Work task – Find, in the records below, the line that contains "40oz Insulated Travel" and the line that contains "Trucker Hat White/Khaki". Copy those two lines and everything between them exactly, but not the pictures.

Data for this task –
--
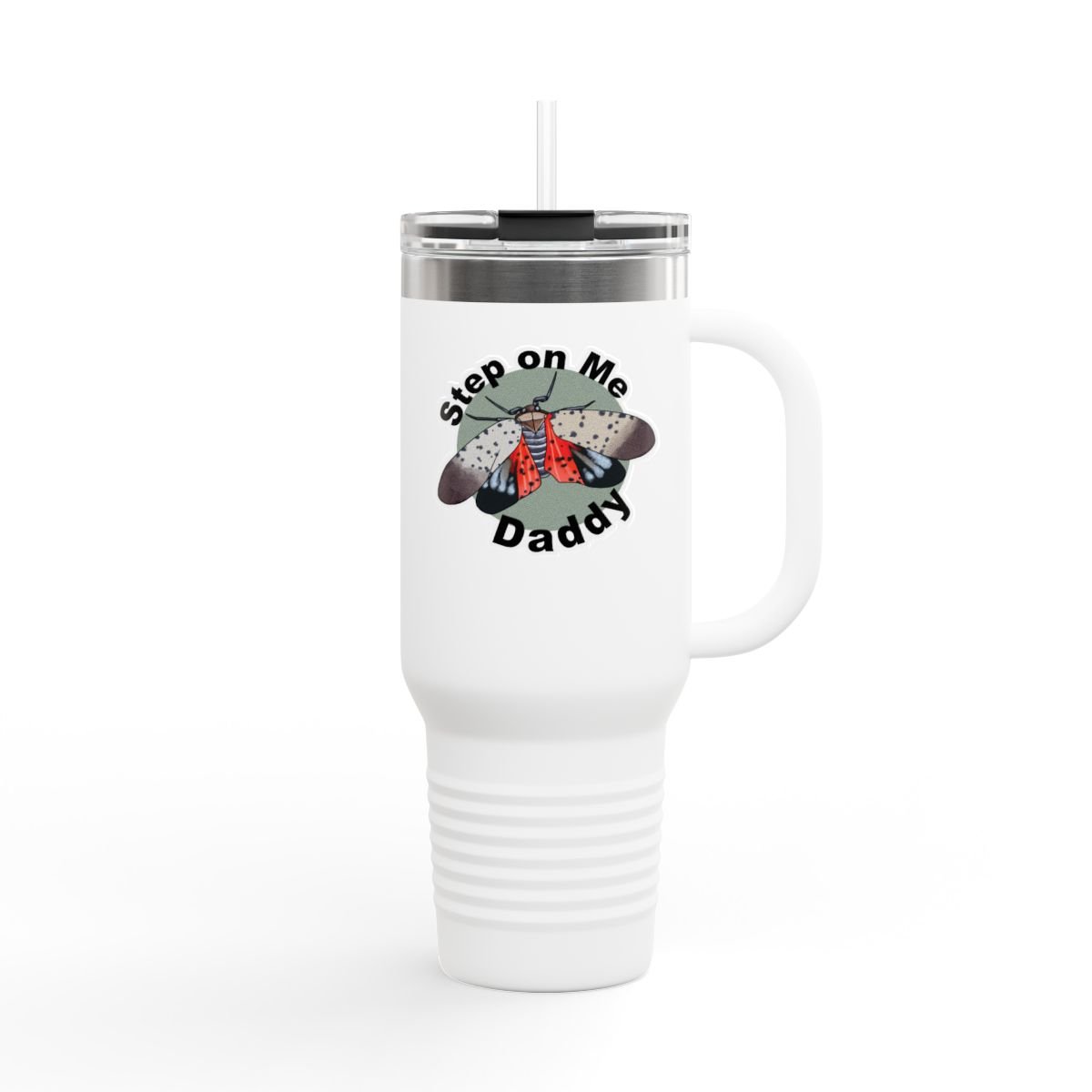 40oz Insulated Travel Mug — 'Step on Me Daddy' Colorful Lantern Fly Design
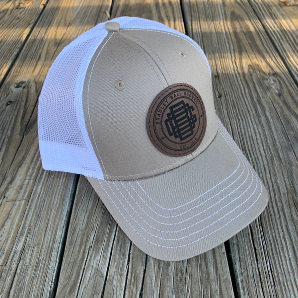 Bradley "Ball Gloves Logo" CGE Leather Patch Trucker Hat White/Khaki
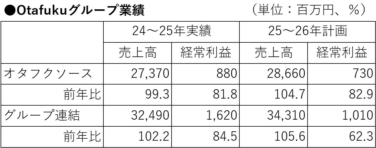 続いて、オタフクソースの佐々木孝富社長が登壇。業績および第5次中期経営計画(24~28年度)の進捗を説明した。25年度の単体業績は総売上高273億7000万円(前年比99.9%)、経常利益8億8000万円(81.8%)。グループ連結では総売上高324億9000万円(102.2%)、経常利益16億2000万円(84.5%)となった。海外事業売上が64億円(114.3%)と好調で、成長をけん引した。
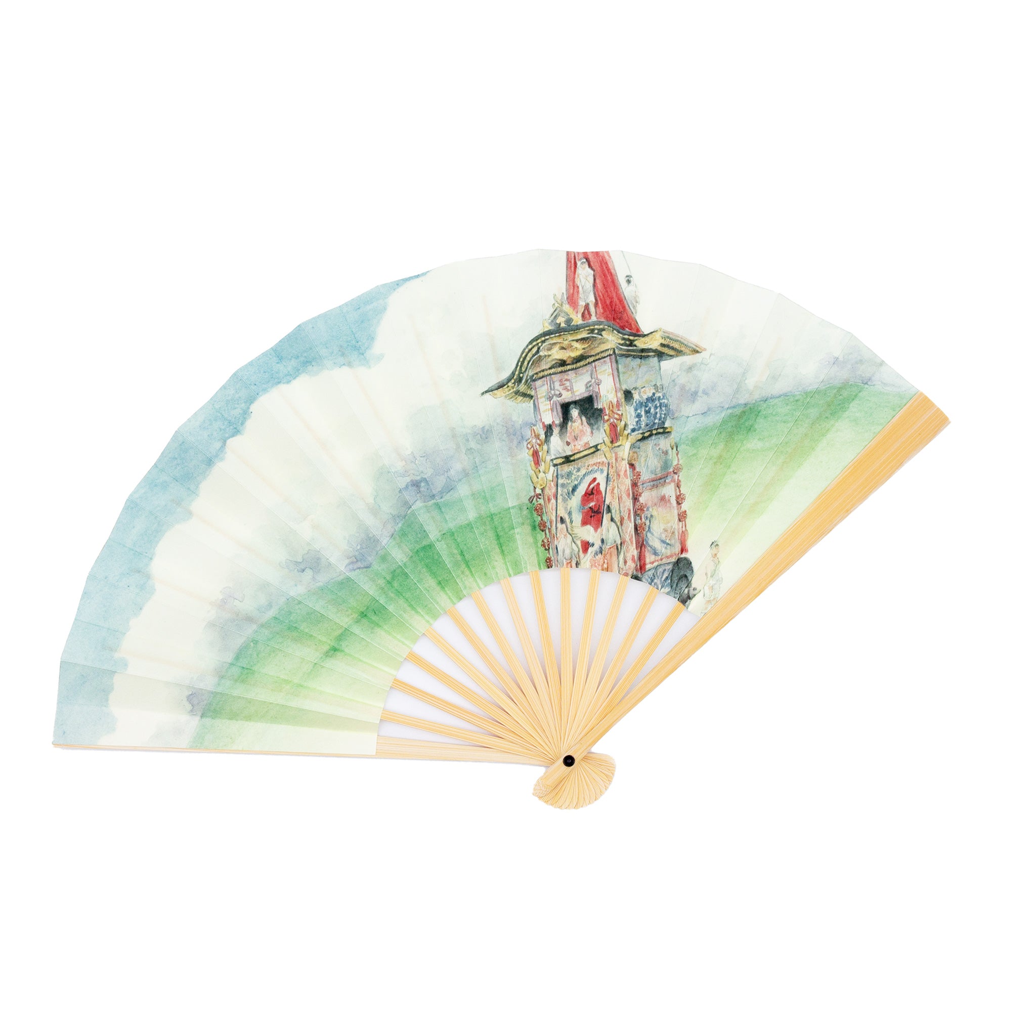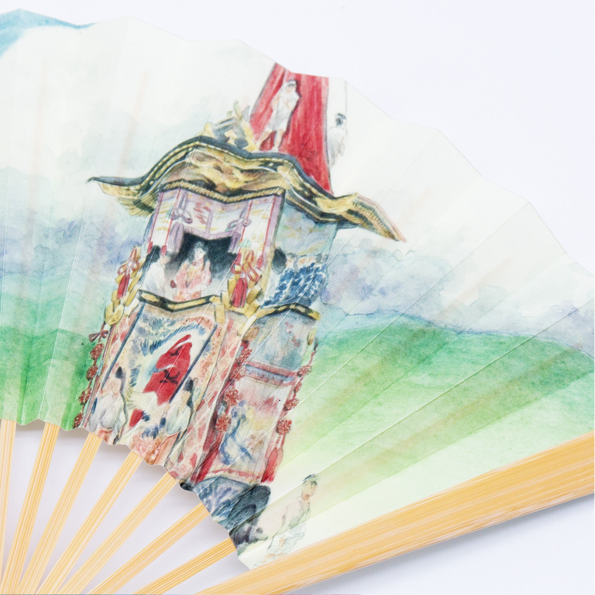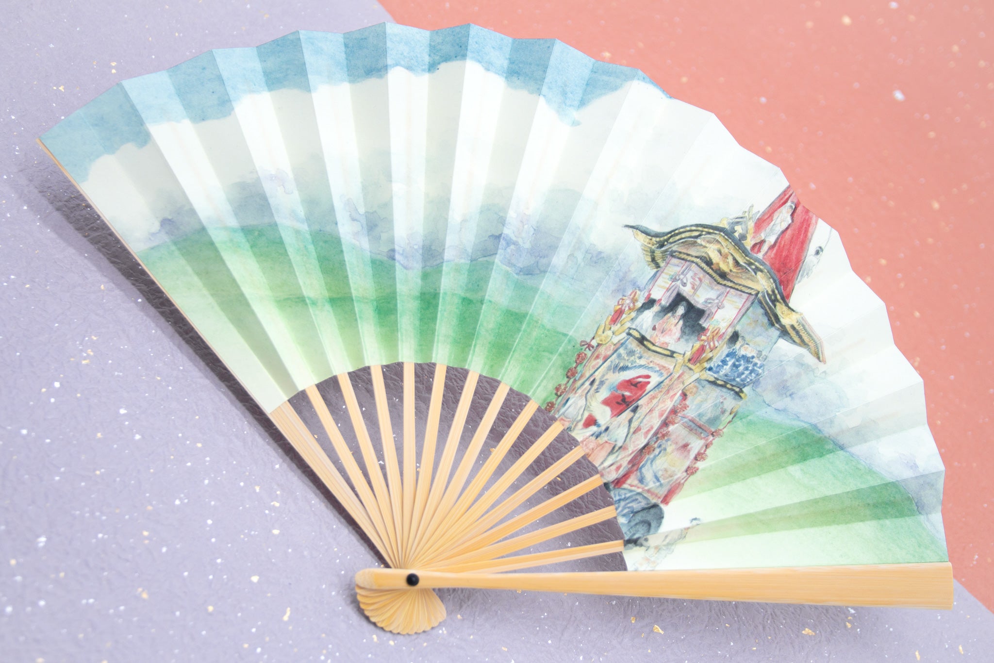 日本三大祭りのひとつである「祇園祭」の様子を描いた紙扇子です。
--
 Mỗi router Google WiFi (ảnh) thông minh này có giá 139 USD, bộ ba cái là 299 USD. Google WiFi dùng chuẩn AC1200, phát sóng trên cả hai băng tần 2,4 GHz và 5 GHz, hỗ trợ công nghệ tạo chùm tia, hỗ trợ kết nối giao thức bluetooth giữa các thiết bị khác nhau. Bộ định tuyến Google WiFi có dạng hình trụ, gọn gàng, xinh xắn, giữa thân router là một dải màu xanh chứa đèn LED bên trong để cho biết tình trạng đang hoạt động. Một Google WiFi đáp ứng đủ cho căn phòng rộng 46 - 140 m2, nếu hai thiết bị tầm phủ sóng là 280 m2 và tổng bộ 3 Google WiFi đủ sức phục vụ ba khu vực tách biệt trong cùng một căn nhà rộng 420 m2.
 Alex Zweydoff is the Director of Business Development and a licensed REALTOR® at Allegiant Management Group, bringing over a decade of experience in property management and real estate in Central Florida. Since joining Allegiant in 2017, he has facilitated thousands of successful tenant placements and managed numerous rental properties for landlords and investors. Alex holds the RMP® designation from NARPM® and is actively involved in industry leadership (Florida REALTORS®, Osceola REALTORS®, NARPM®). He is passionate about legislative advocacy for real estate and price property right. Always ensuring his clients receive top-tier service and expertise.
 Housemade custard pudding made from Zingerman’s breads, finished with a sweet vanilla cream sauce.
--
Response to this task –
 40oz Insulated Travel Mug — 'Step on Me Daddy' Colorful Lantern Fly Design
 Bradley "Ball Gloves Logo" CGE Leather Patch Trucker Hat White/Khaki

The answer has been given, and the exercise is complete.